Поэтому реб Мейлех старался оттянуть его отъезд, задержать его в Нешаве как можно дольше, не пускал к себе попрощаться. Он знал, что подобное поведение беспокоит хасидов, особенно богатых, деловых людей, ведущих крупные торговые дела с генералами и большими чиновниками. Он знал, что это их пугает, сбивает с них кураж, самоуверенность, вселяет страх, они становятся сговорчивее и соглашаются на все.

Сколько Гурвиц ни посылал Исроэла-Авигдора к ребе, передать, что он хочет попрощаться, — ребе отвечал:

— Э, куда Палтиэль так спешит?

Гурвиц чуть не лопался от огорчения.

Дома его ждали дела, люди. Каждый день он получал телеграммы от своих управляющих с просьбами вернуться домой. Он умолял Исроэла-Авигдора, суя ему в руку бесчисленные рейнские гульдены:

— Исроэл-Авигдор, пойди к ребе и скажи ему, что я должен уехать. Меня ждут генералы. Так и скажи — генералы.
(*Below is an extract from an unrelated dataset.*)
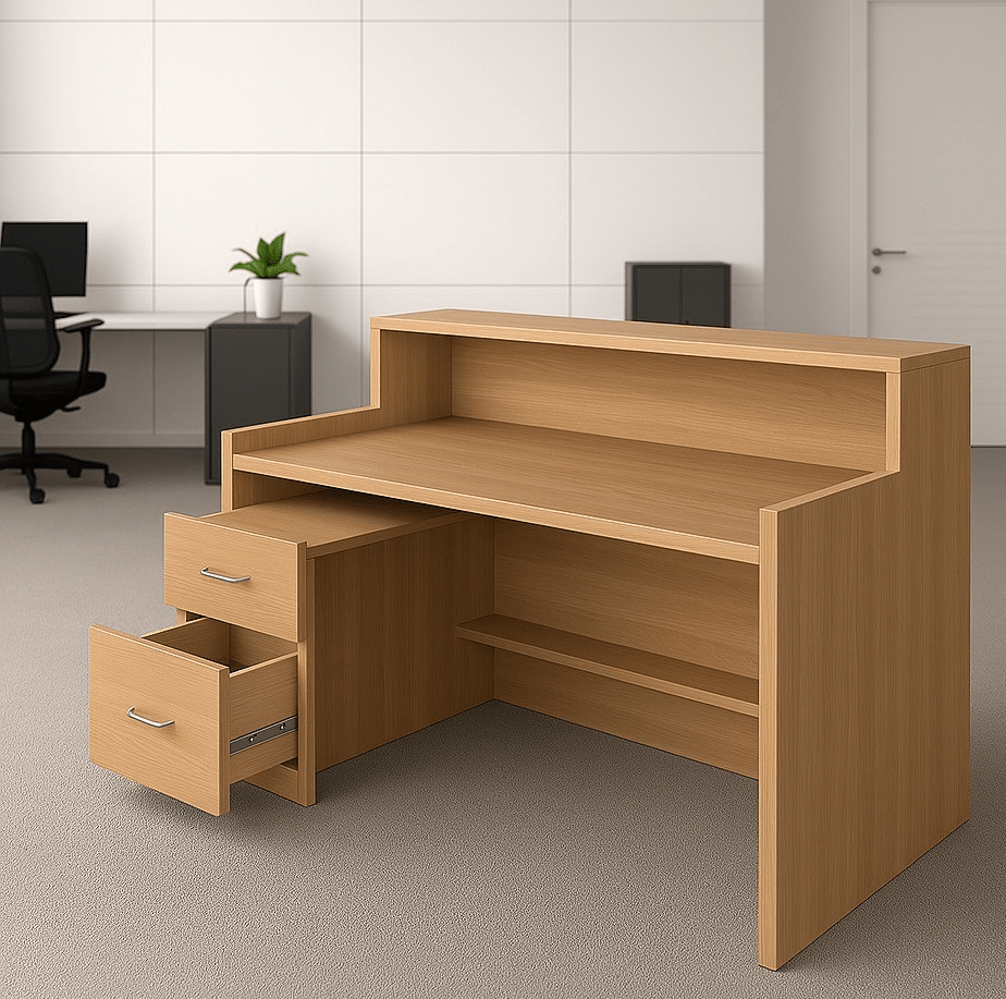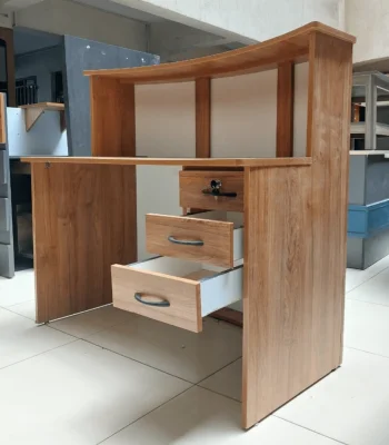 The desk provides practical storage options with drawers and compartments for stationery, files, and personal items. Furthermore, its ergonomic layout keeps essentials within easy reach, helping maintain a clutter-free workspace while supporting efficient workflows.

Но ребе и слушать не желал.

— Э, — говорил он, — я сам его позову, когда понадобится…

Гурвица уже начала раздражать вся эта история.

При всей своей преданности хасидизму, он был человек влиятельный, вхожий в дома важных персон. Ему не раз случалось пить вино с помещиками и офицерами, а порой и обедать с ними, и притом с непокрытой головой, и пища эта была не вполне кошерна. В Петербурге он даже ходил с ними в трактиры, где не всегда вел себя так, как надлежит еврею. А в поездках, в лесу, когда молодая гойка, жена лесника, мило улыбалась ему, стягивая с его ног сапоги перед сном и прося повысить мужу плату, — он не отказывал, нет. Он с большим удовольствием позволял ей в знак благодарности целовать его холеную волосатую руку и приказывал погасить лампу…

Эти грехи, о которых он не раз тяжело вздыхал, вносили в его веру некий разлад, и даже — на некоторое время — чувство вседозволенности. Он сердился и на самого ребе. «Ребе есть ребе, — подумалось ему, — а дело есть дело». И он взбунтовался.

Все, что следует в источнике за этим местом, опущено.